# Collected material
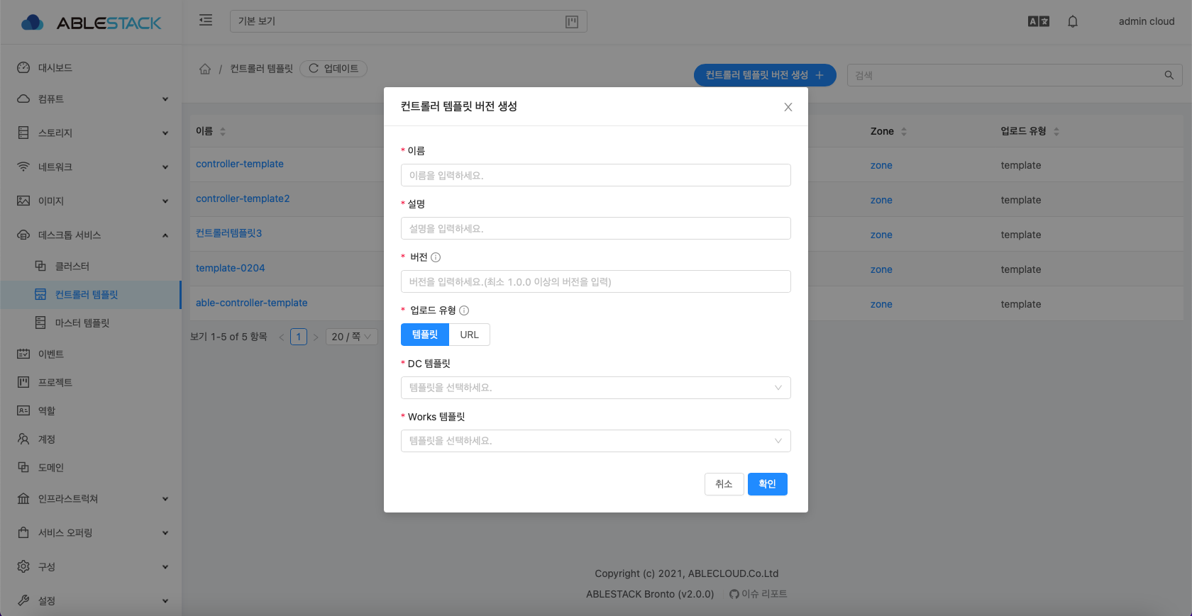 - DC VM 템플릿 업로드 URL 입력창에는 DC 용 템플릿 다운로드 URL 을 입력 할 수 있습니다.
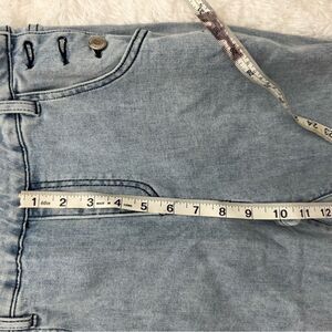 Stylish light blue denim overalls perfect for a casual day out. Features adjustable straps and a comfortable fit.
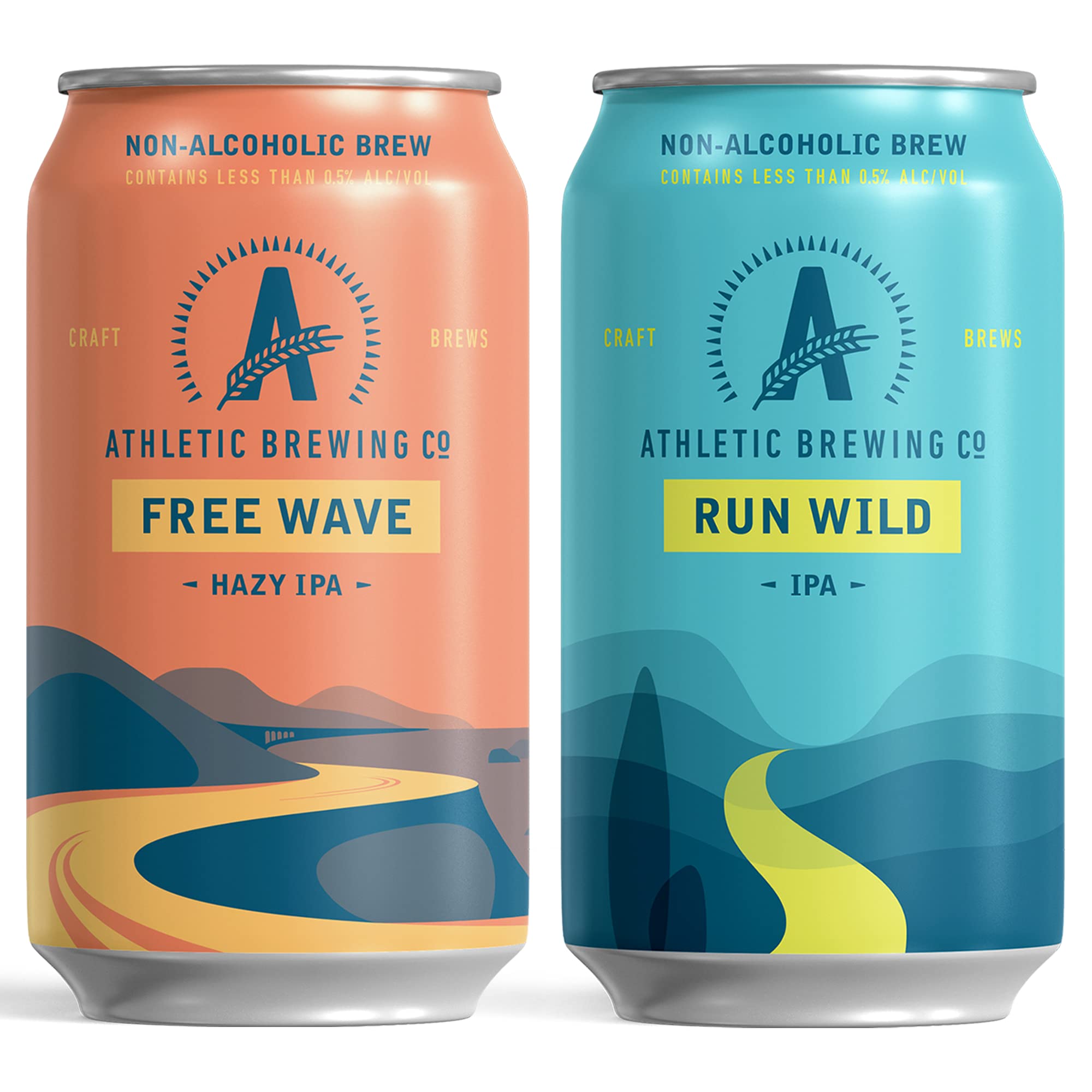 Athletic Brewing Company Craft Non-Alcoholic Beer - Mix 12-Pack - Run Wild IPA and Free Wave Hazy IPA - Low-Calorie, Award Winning - All Natural Ingredients For Great Tasting Drink - 12 Fl Oz Cans Free Wave | Run Wild 12 Fl Oz (Pack of 12)
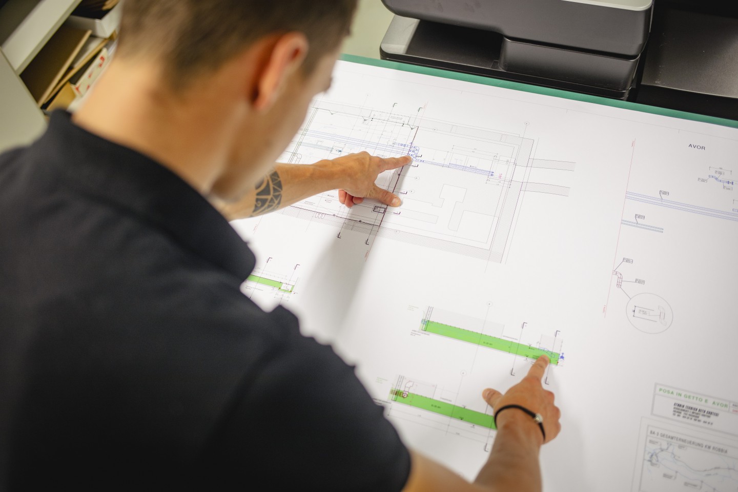 Zeichnerinnen und Zeichner arbeiten eng mit Fachpersonen aus ihrem Gebiet zusammen, zum Beispiel mit Architektinnen oder Bauingenieuren. Ihre Arbeiten führen sie teilweise im Büro und teilweise auf Baustellen aus. Je nach Art und Grösse des Betriebs arbeiten die Berufsleute von Anfang bis Schluss an bestimmten Projekten oder sie sind nur für Teile davon zuständig. Die Arbeitszeiten sind grundsätzlich regelmässig.

# Exercise goal
The required output is each line above restated verbatim, with all images omitted.

# Expected answer
 - DC VM 템플릿 업로드 URL 입력창에는 DC 용 템플릿 다운로드 URL 을 입력 할 수 있습니다.
 Stylish light blue denim overalls perfect for a casual day out. Features adjustable straps and a comfortable fit.
 Athletic Brewing Company Craft Non-Alcoholic Beer - Mix 12-Pack - Run Wild IPA and Free Wave Hazy IPA - Low-Calorie, Award Winning - All Natural Ingredients For Great Tasting Drink - 12 Fl Oz Cans Free Wave | Run Wild 12 Fl Oz (Pack of 12)
 Zeichnerinnen und Zeichner arbeiten eng mit Fachpersonen aus ihrem Gebiet zusammen, zum Beispiel mit Architektinnen oder Bauingenieuren. Ihre Arbeiten führen sie teilweise im Büro und teilweise auf Baustellen aus. Je nach Art und Grösse des Betriebs arbeiten die Berufsleute von Anfang bis Schluss an bestimmten Projekten oder sie sind nur für Teile davon zuständig. Die Arbeitszeiten sind grundsätzlich regelmässig.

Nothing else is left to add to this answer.